EXERCISE DIRECTIONS:
Through the line with "Happy Cherry - Pagliaccetto" and starting from the first line, return the records below word for word, with pictures left out.

>>>>

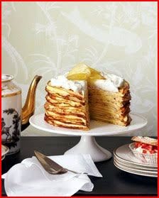 4.Place 1 crepe on a flat serving dish. Spread about 1/4 cup lemon curd mousse onto crepe. Top with 1 crepe. Continue layering crepes and mousse. (Use 15 crepes, ending with a crepe on top.) Refrigerate until firm, about 1 hour.
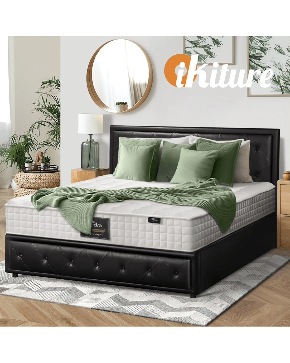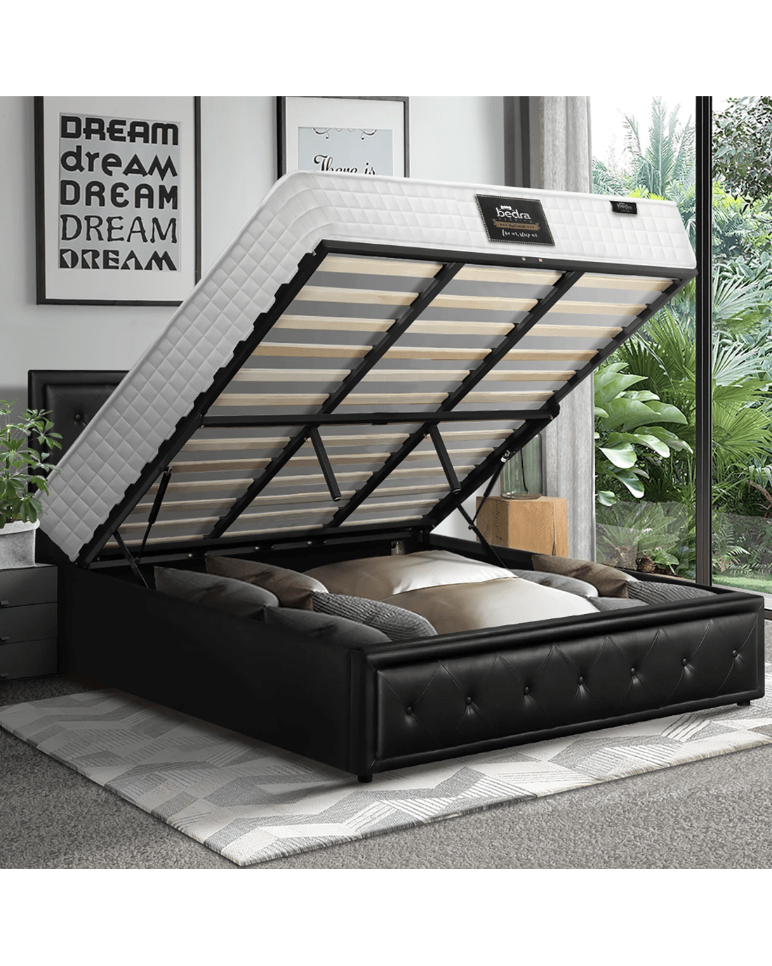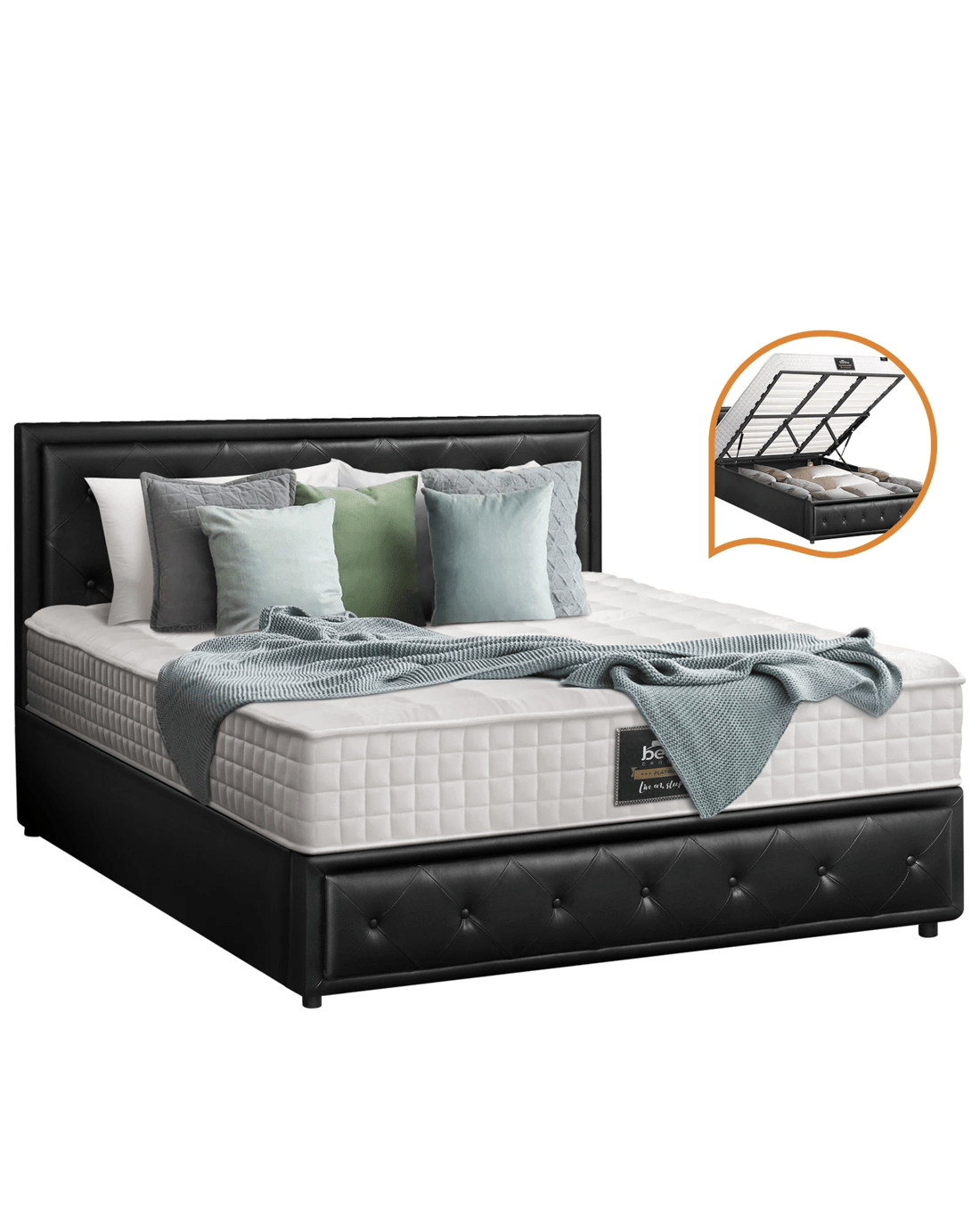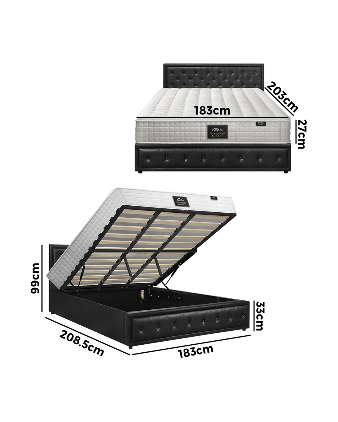 Sold by Kamprad's Oikos 1943Oikiture King Bed Gas Lift Storage Base With Mattress Set - Black
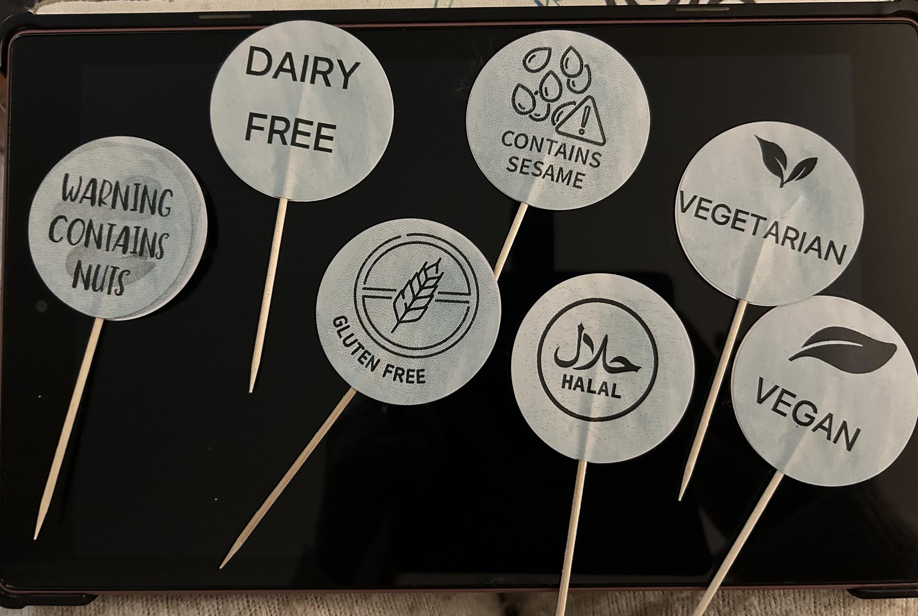 12 Allergen Food Label Cake Topper Sticks - Buffet Party Flags
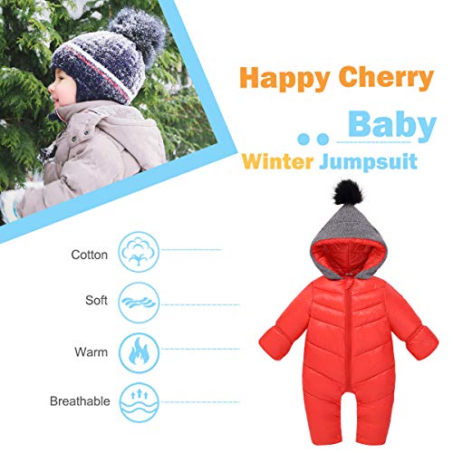 Happy Cherry - Pagliaccetto Inverno Neonato con Cappuccio Cappotto Caldo Bambini Tuta Invernale Abbigliamento Bambino Giacca Imbottita Tute da Neve Bambine - 6-12 Mesi
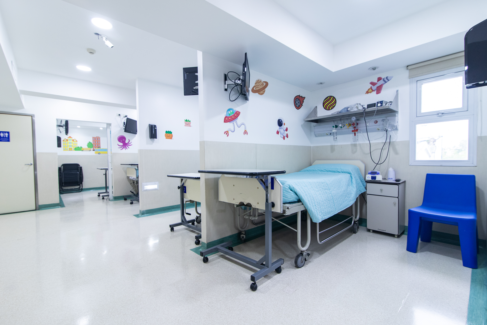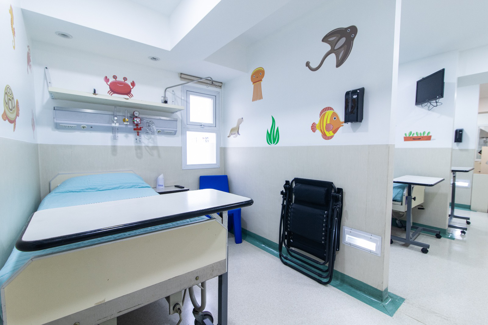 El sector consta de 6 camas (2 pueden ser utilizadas como aislamientos) y cada unidad tiene espacio para un acompañante. Cada paciente pediátrico puede permanecer acompañado de un adulto durante su internación.
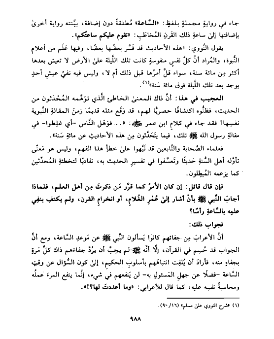 يقول النَّووي: «هذه الأحاديث قد فَسَّر بعضُها بعضًا، وفيها عَلَم من أعلام النُّبوة، والمُراد أنَّ كلَّ نفسٍ منفوسةٍ كانت تلك اللَّيلة على الأرض لا تعيش بعدها أكثر مِن مائة سنة، سواء قلَّ أمرُها قبل ذلك أم لا، وليس فيه نفيُ عيشِ أحدٍ يوجد بعد تلك اللَّيلة فوق مائة سَنة» (¬١).
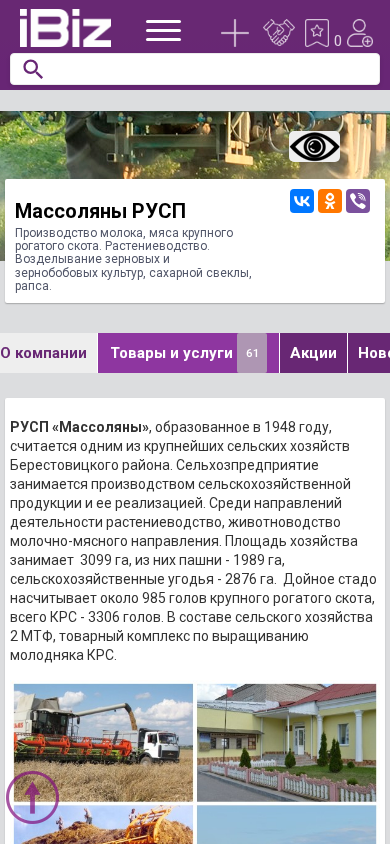| Название / Заголовок | Массоляны РУСП - Производство молока, мяса крупного рогатого скота. Растениеводство. Возделывание зерновых и зернобобовых культур, сахарной свеклы, рапса.. 231788, , Массоляны аг., Центральная, 12 |
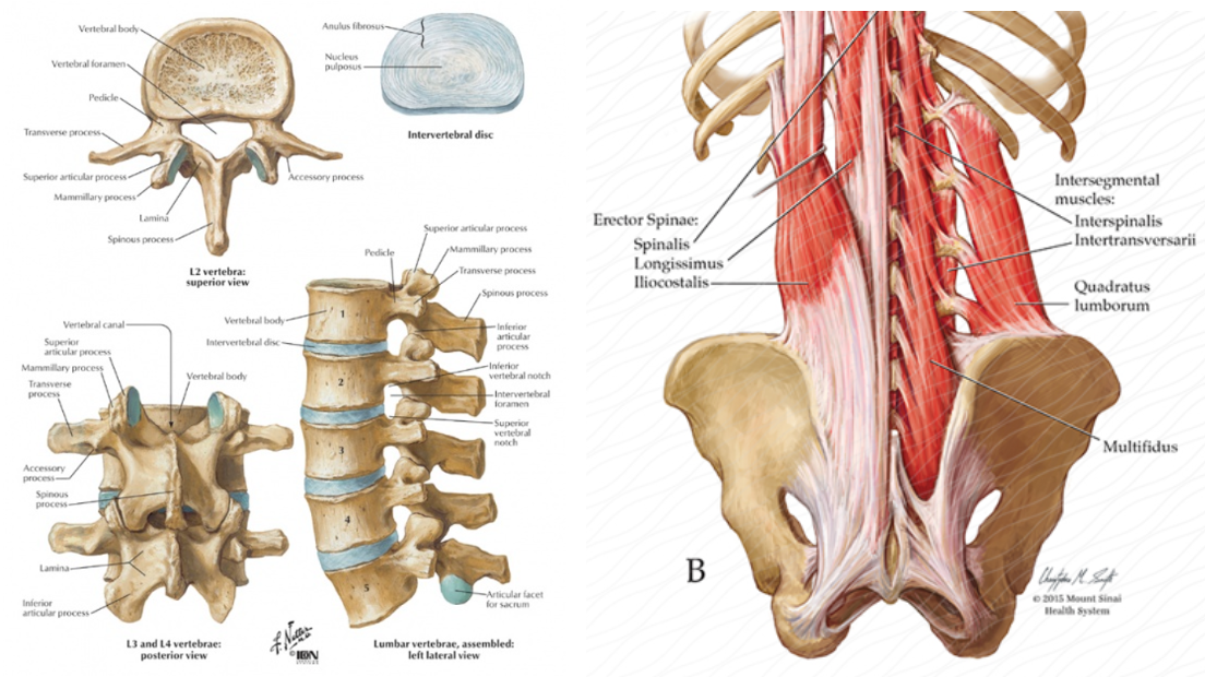 The lumbar spine is made up of five vertebrae stacked on top of one another. Between each vertebra sits an intervertebral disc, which acts as a shock absorber and allows the spine to move smoothly under load. At the back of each vertebra are small joints known as facet joints, which help guide movement and provide control. Surrounding these structures are muscles and ligaments that support posture and help control motion.
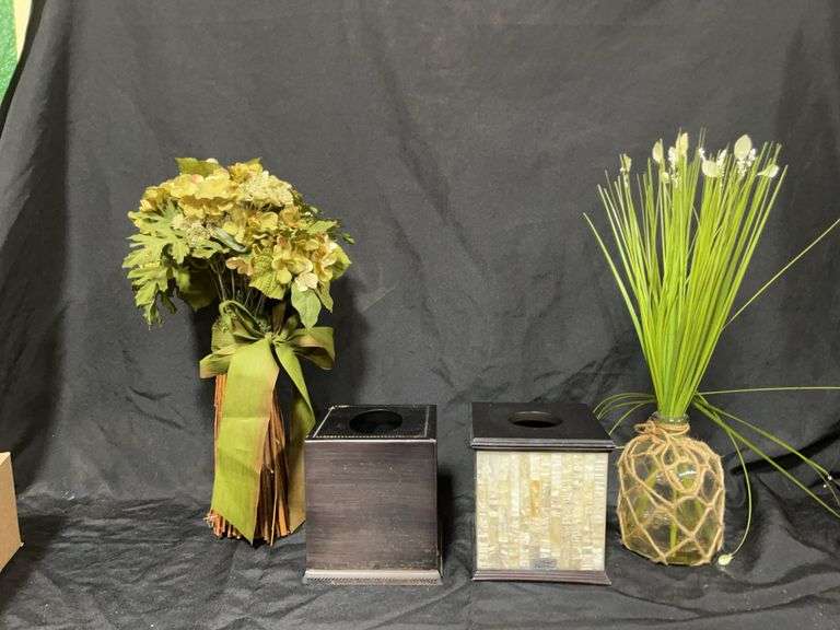 Artificial hydrangea blooms in twig style holder, two tissue holder, artificial greenery in glass jar
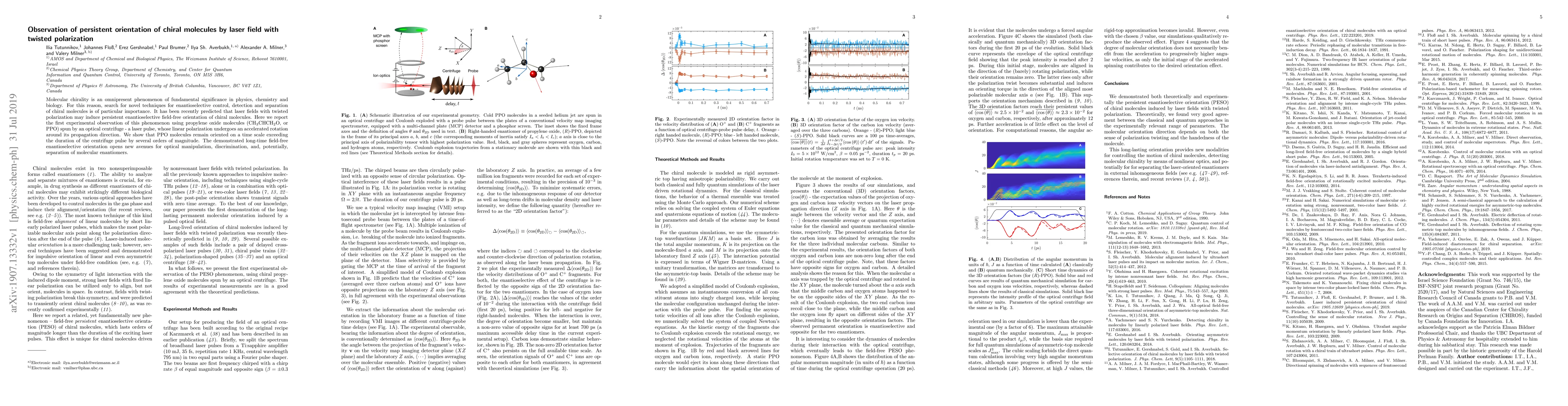 This paper reports the first experimental observation of persistent enantioselective orientation of chiral propylene oxide molecules using laser fields with twisted polarization, demonstrating long-term field-free orientation that could enable new methods for optical manipulation and separation of enantiomers.

<<<<

YOUR SOLUTION:
 4.Place 1 crepe on a flat serving dish. Spread about 1/4 cup lemon curd mousse onto crepe. Top with 1 crepe. Continue layering crepes and mousse. (Use 15 crepes, ending with a crepe on top.) Refrigerate until firm, about 1 hour.
 Sold by Kamprad's Oikos 1943Oikiture King Bed Gas Lift Storage Base With Mattress Set - Black
 12 Allergen Food Label Cake Topper Sticks - Buffet Party Flags
 Happy Cherry - Pagliaccetto Inverno Neonato con Cappuccio Cappotto Caldo Bambini Tuta Invernale Abbigliamento Bambino Giacca Imbottita Tute da Neve Bambine - 6-12 Mesi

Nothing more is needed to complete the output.